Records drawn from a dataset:
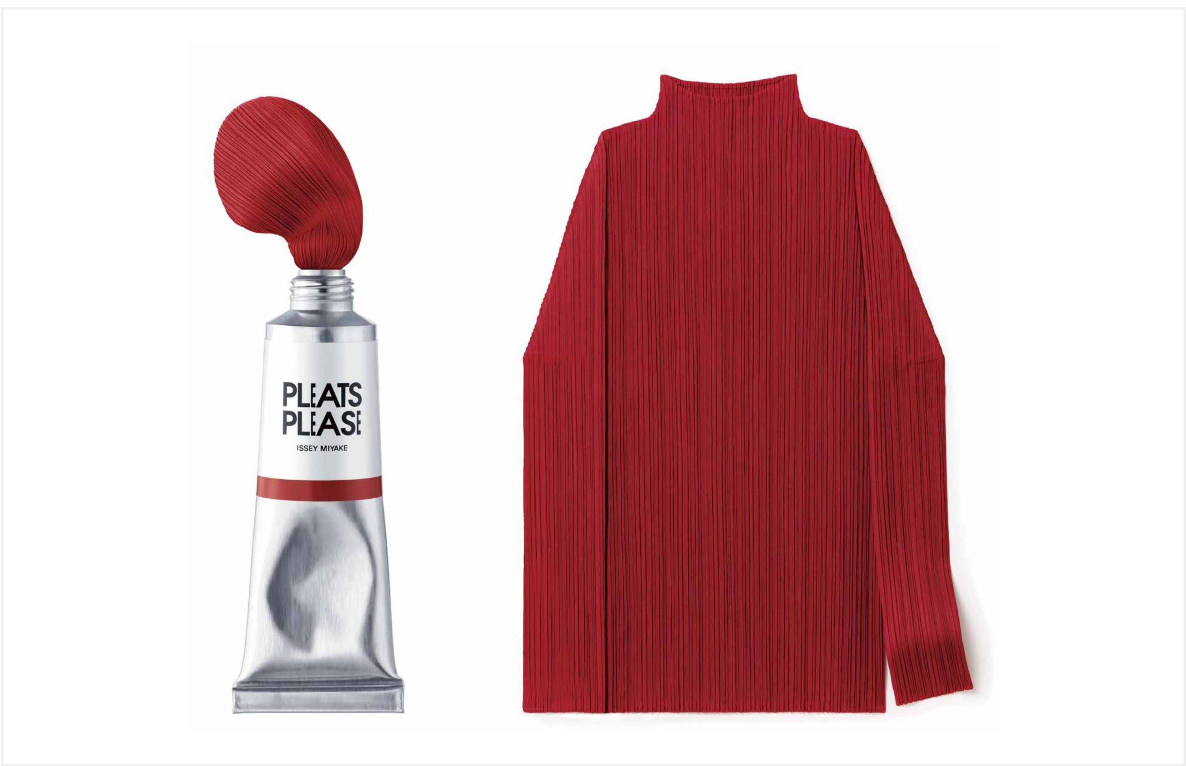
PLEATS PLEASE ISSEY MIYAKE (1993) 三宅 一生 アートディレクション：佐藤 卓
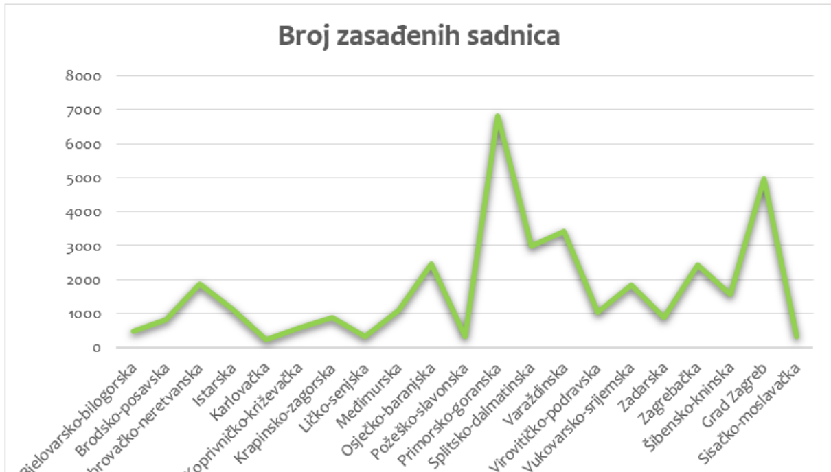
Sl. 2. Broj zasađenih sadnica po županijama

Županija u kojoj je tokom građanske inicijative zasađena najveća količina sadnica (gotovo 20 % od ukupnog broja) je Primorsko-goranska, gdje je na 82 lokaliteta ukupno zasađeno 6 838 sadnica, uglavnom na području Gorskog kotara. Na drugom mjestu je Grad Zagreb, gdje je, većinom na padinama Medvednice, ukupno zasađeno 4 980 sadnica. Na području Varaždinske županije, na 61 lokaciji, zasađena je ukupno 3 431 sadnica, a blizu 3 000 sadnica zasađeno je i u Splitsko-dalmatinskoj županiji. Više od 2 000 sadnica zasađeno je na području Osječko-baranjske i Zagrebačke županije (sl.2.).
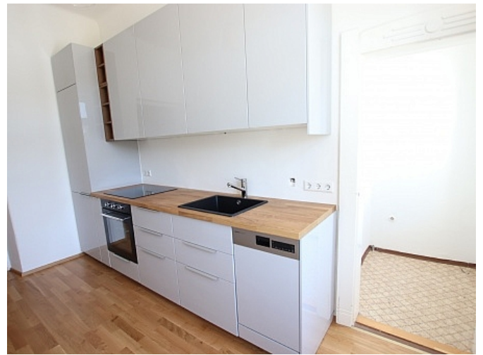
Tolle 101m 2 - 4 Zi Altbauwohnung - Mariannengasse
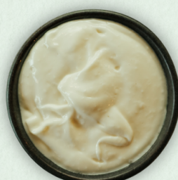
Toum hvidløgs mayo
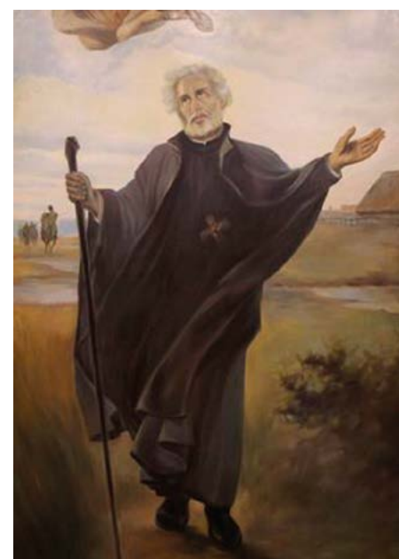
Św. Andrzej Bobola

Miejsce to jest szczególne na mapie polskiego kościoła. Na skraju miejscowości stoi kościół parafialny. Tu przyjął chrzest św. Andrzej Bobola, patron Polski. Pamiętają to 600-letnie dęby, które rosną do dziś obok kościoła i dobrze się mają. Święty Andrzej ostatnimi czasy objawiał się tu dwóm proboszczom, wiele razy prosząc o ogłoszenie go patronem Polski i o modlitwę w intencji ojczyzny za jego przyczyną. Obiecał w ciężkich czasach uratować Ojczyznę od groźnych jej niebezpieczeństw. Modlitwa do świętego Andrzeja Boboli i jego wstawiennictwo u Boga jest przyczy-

● EXERCISE GOAL
A verbatim transcript of the entries above is required, with the pictures left out.

● RESULT
PLEATS PLEASE ISSEY MIYAKE (1993) 三宅 一生 アートディレクション：佐藤 卓
Sl. 2. Broj zasađenih sadnica po županijama

Županija u kojoj je tokom građanske inicijative zasađena najveća količina sadnica (gotovo 20 % od ukupnog broja) je Primorsko-goranska, gdje je na 82 lokaliteta ukupno zasađeno 6 838 sadnica, uglavnom na području Gorskog kotara. Na drugom mjestu je Grad Zagreb, gdje je, većinom na padinama Medvednice, ukupno zasađeno 4 980 sadnica. Na području Varaždinske županije, na 61 lokaciji, zasađena je ukupno 3 431 sadnica, a blizu 3 000 sadnica zasađeno je i u Splitsko-dalmatinskoj županiji. Više od 2 000 sadnica zasađeno je na području Osječko-baranjske i Zagrebačke županije (sl.2.).
Tolle 101m 2 - 4 Zi Altbauwohnung - Mariannengasse
Toum hvidløgs mayo
Św. Andrzej Bobola

Miejsce to jest szczególne na mapie polskiego kościoła. Na skraju miejscowości stoi kościół parafialny. Tu przyjął chrzest św. Andrzej Bobola, patron Polski. Pamiętają to 600-letnie dęby, które rosną do dziś obok kościoła i dobrze się mają. Święty Andrzej ostatnimi czasy objawiał się tu dwóm proboszczom, wiele razy prosząc o ogłoszenie go patronem Polski i o modlitwę w intencji ojczyzny za jego przyczyną. Obiecał w ciężkich czasach uratować Ojczyznę od groźnych jej niebezpieczeństw. Modlitwa do świętego Andrzeja Boboli i jego wstawiennictwo u Boga jest przyczy-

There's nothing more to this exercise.